┌─ Source data
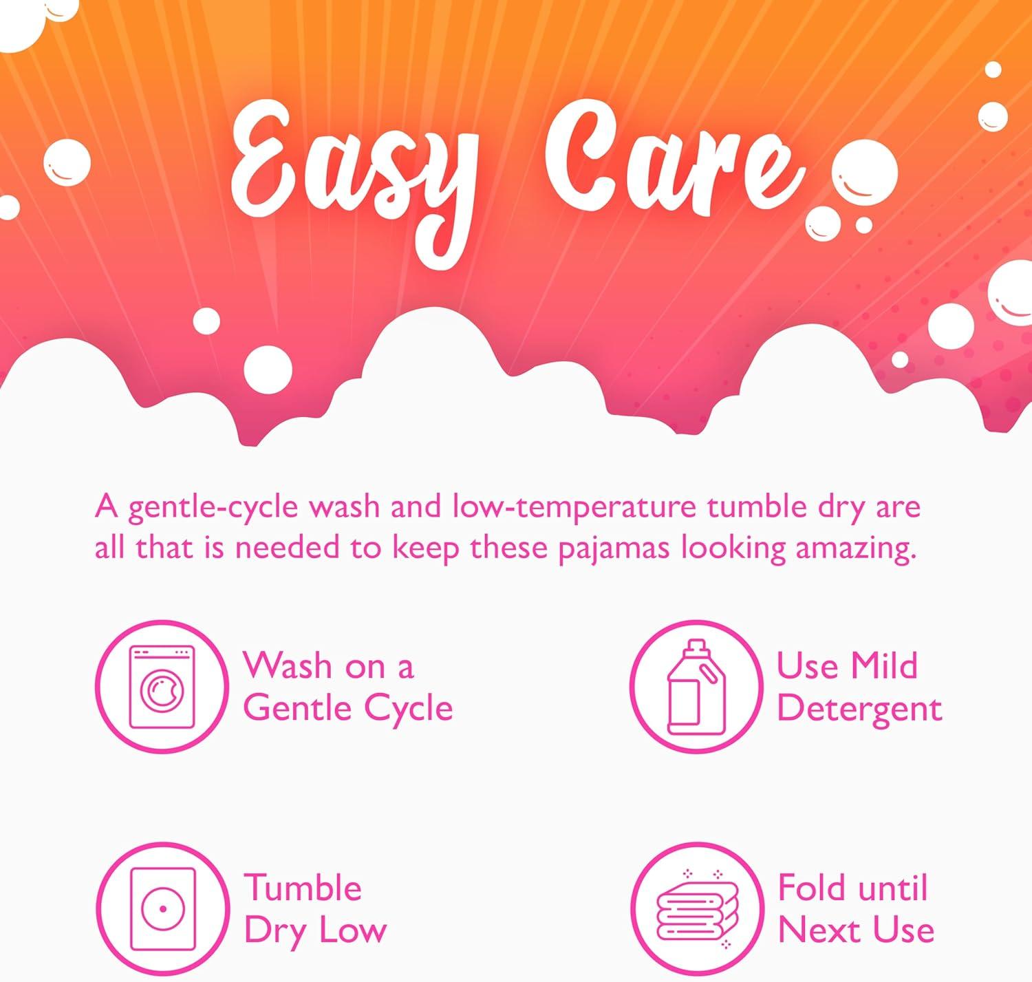 Available in a 4-piece set with matching long-sleeve tops and long pants, these girls’ cotton pajamas are great for summer, winter, fall, and spring wear. They come in a variety of sizes and feature bright, rich colors and fun graphics. These pajamas for kids are made from soft 100% cotton and provide a close, comfortable fit. For the best results, wash them on a gentle cycle and tumble dry them on low.
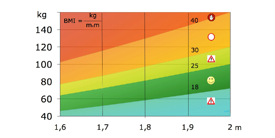 Beim BMI wird das Gewicht in Kilogramm durch die Körpergröße in Metern zum Quadrat geteilt. Heraus kommt eine Statistik, der zufolge 75 Prozent aller deutschen Männer und fast 60 Prozent der Frauen übergewichtig, mehr als 50 Prozent der Männer und 23 Prozent der Frauen gar fettleibig sind. Was diese Statistik nicht berücksichtigt: Bei sportlichen Menschen sind es oft Muskeln, die das Gewicht und damit den BMI nach oben treiben.
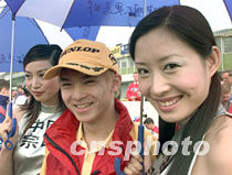 中國香港車手周浩云(中)與內地名模金姝懿(右)、王茵(左)在捷克布諾賽車場,為中國宗申摩托車隊取得歷史性好成績喜笑顏開。中新社圖 方迎忠 攝
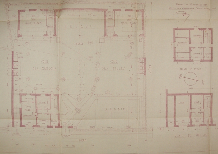 Plan d'une école primaire (non réalisée), dressé par Pierre Laloy, architecte, 1934Immatriculation
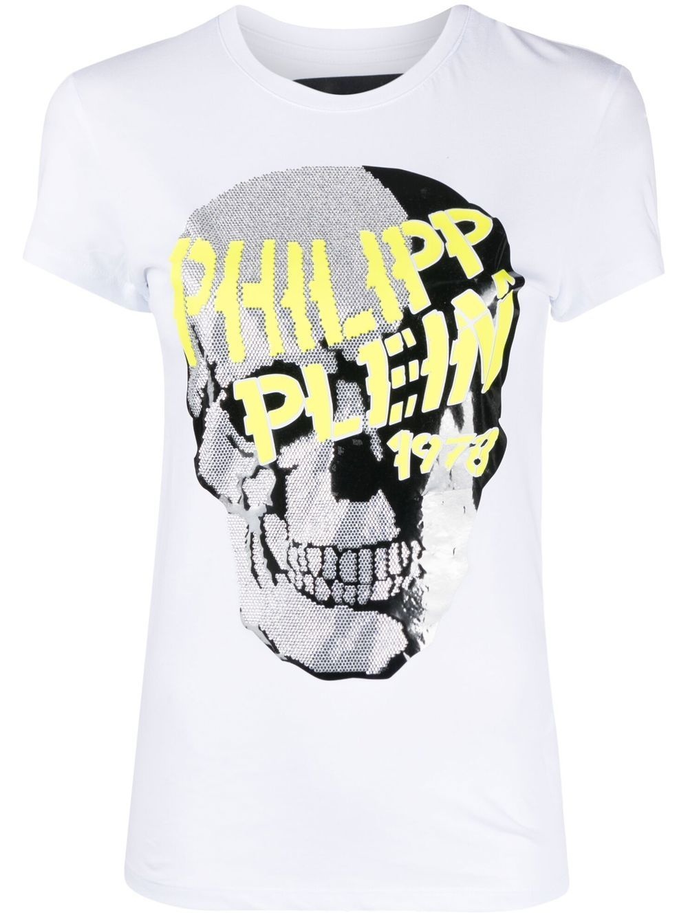 skull-strass v-neck T-shirt white cotton blend skull print logo print to the front crew neck short sleeves straight hem Imported Composition Glass Fiber 100%, Cotton 100% Washing instructions Hand Wash
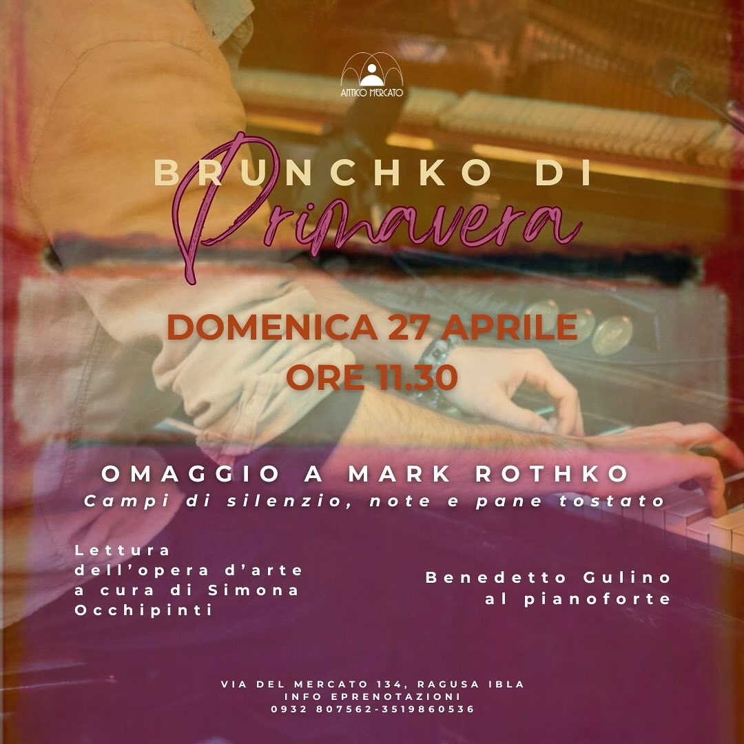Immergiti nei colori, nei suoni e nei profumi di un’esperienza unica: OMAGGIO A MARK ROTHKO “Campi di silenzio, note e pane tostato” Un viaggio tra le sfumature emozionali di Rothko, le armonie del pianoforte e il gusto di un brunch speciale. Con: • Lettura delle opere a cura di Simona Occhipinti, storica dell’arte • Performance
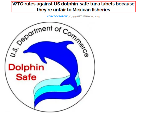 6.2.2.討論:這案件打了十年,墨西哥的捕撈方法確實有害金槍魚,而且受影響的僅僅是商標上“無害于金槍魚”字樣,但墨西哥還是根據規則提出異議,而且一度獲勝。
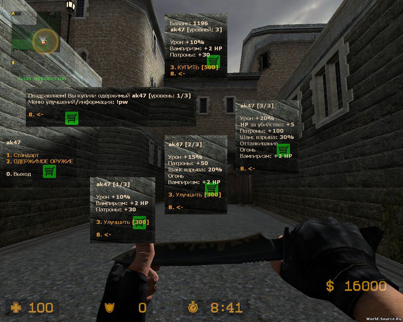 В cfg/possessed_weapons/possessed_weapons.txt вы можете создать одержимое оружие, которое игроки смогут покупать и улучшать. Цены, навыки, уровни оружия - все настраивается. Уровней может быть максимум 5. Каждый новый уровень наследует навыки прошлых. Т.е. если в первом есть вампиризм, то и во втором и в третьем и тд он тоже будет. Почитать разную инфу, купить/улучшить оружие можно через sm_pw меню (!pw, /pw чат) - команду можно изменить в config.cfg. Купленное оружие сохраняется у игрока навсегда (MYSQL, SQLite) - оно будет в его инвентаре. Навыки, которые одержимое оружие дает своему владельцу, работают лишь тогда, когда он держит это оружие в руках (активное) - как только он сменит оружие, они пропадут. Если выбросить одержимое оружие и его подберет кто-то другой - навыки у него работать не будут (если он не покупал это одержимое оружие). Когда игрок меняет оружие на одержимое, экран немного подсвечивается оранжевым цветом (можно это отключить или цвет изменить в настройках). Покупается оружие за кредиты. Чтобы выдать кредиты игроку, используйте эту админскую команду (игрок должен быть онлайн): pw_credits_add "steamid или userid" "credits". Еще есть модуль Credits Giver.
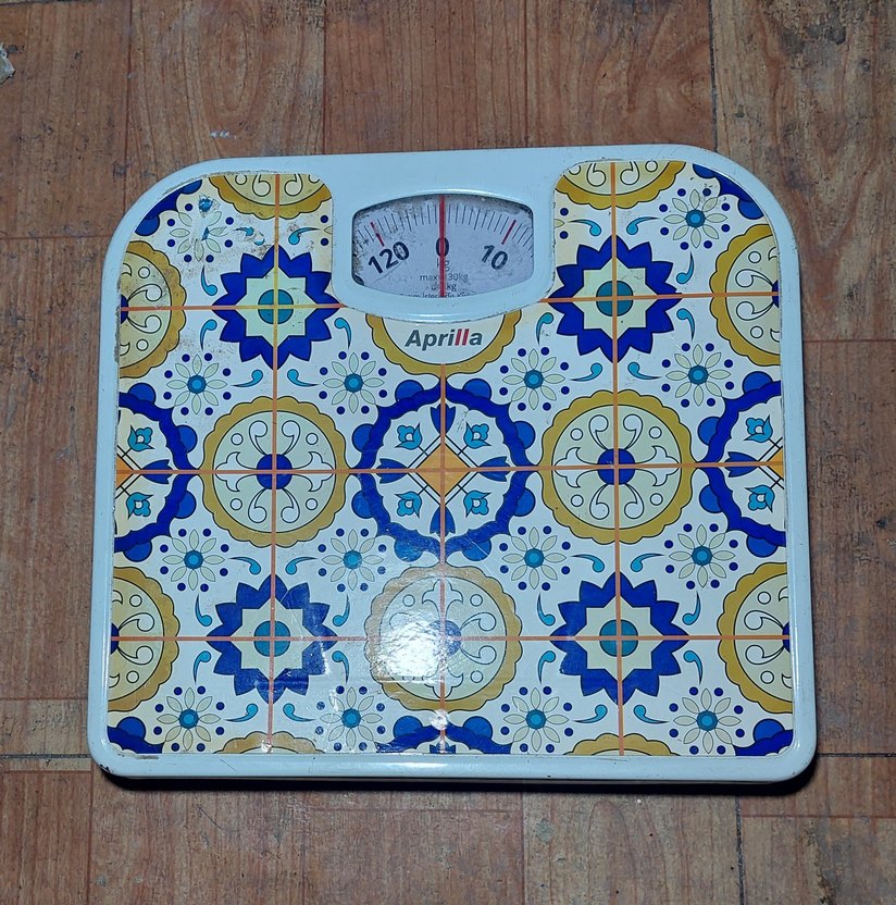 Aprilla marka, renkli mavi desenli mekanik baskül, analog göstergesiyle ağırlık ölçümü yapar. ️
└─
**Problem to solve**
Each line of the data above is to be output exactly; the pictures are not to appear.

**Reply**
 Available in a 4-piece set with matching long-sleeve tops and long pants, these girls’ cotton pajamas are great for summer, winter, fall, and spring wear. They come in a variety of sizes and feature bright, rich colors and fun graphics. These pajamas for kids are made from soft 100% cotton and provide a close, comfortable fit. For the best results, wash them on a gentle cycle and tumble dry them on low.
 Beim BMI wird das Gewicht in Kilogramm durch die Körpergröße in Metern zum Quadrat geteilt. Heraus kommt eine Statistik, der zufolge 75 Prozent aller deutschen Männer und fast 60 Prozent der Frauen übergewichtig, mehr als 50 Prozent der Männer und 23 Prozent der Frauen gar fettleibig sind. Was diese Statistik nicht berücksichtigt: Bei sportlichen Menschen sind es oft Muskeln, die das Gewicht und damit den BMI nach oben treiben.
 中國香港車手周浩云(中)與內地名模金姝懿(右)、王茵(左)在捷克布諾賽車場,為中國宗申摩托車隊取得歷史性好成績喜笑顏開。中新社圖 方迎忠 攝
 Plan d'une école primaire (non réalisée), dressé par Pierre Laloy, architecte, 1934Immatriculation
 skull-strass v-neck T-shirt white cotton blend skull print logo print to the front crew neck short sleeves straight hem Imported Composition Glass Fiber 100%, Cotton 100% Washing instructions Hand Wash
Immergiti nei colori, nei suoni e nei profumi di un’esperienza unica: OMAGGIO A MARK ROTHKO “Campi di silenzio, note e pane tostato” Un viaggio tra le sfumature emozionali di Rothko, le armonie del pianoforte e il gusto di un brunch speciale. Con: • Lettura delle opere a cura di Simona Occhipinti, storica dell’arte • Performance
 6.2.2.討論:這案件打了十年,墨西哥的捕撈方法確實有害金槍魚,而且受影響的僅僅是商標上“無害于金槍魚”字樣,但墨西哥還是根據規則提出異議,而且一度獲勝。
 В cfg/possessed_weapons/possessed_weapons.txt вы можете создать одержимое оружие, которое игроки смогут покупать и улучшать. Цены, навыки, уровни оружия - все настраивается. Уровней может быть максимум 5. Каждый новый уровень наследует навыки прошлых. Т.е. если в первом есть вампиризм, то и во втором и в третьем и тд он тоже будет. Почитать разную инфу, купить/улучшить оружие можно через sm_pw меню (!pw, /pw чат) - команду можно изменить в config.cfg. Купленное оружие сохраняется у игрока навсегда (MYSQL, SQLite) - оно будет в его инвентаре. Навыки, которые одержимое оружие дает своему владельцу, работают лишь тогда, когда он держит это оружие в руках (активное) - как только он сменит оружие, они пропадут. Если выбросить одержимое оружие и его подберет кто-то другой - навыки у него работать не будут (если он не покупал это одержимое оружие). Когда игрок меняет оружие на одержимое, экран немного подсвечивается оранжевым цветом (можно это отключить или цвет изменить в настройках). Покупается оружие за кредиты. Чтобы выдать кредиты игроку, используйте эту админскую команду (игрок должен быть онлайн): pw_credits_add "steamid или userid" "credits". Еще есть модуль Credits Giver.
 Aprilla marka, renkli mavi desenli mekanik baskül, analog göstergesiyle ağırlık ölçümü yapar. ️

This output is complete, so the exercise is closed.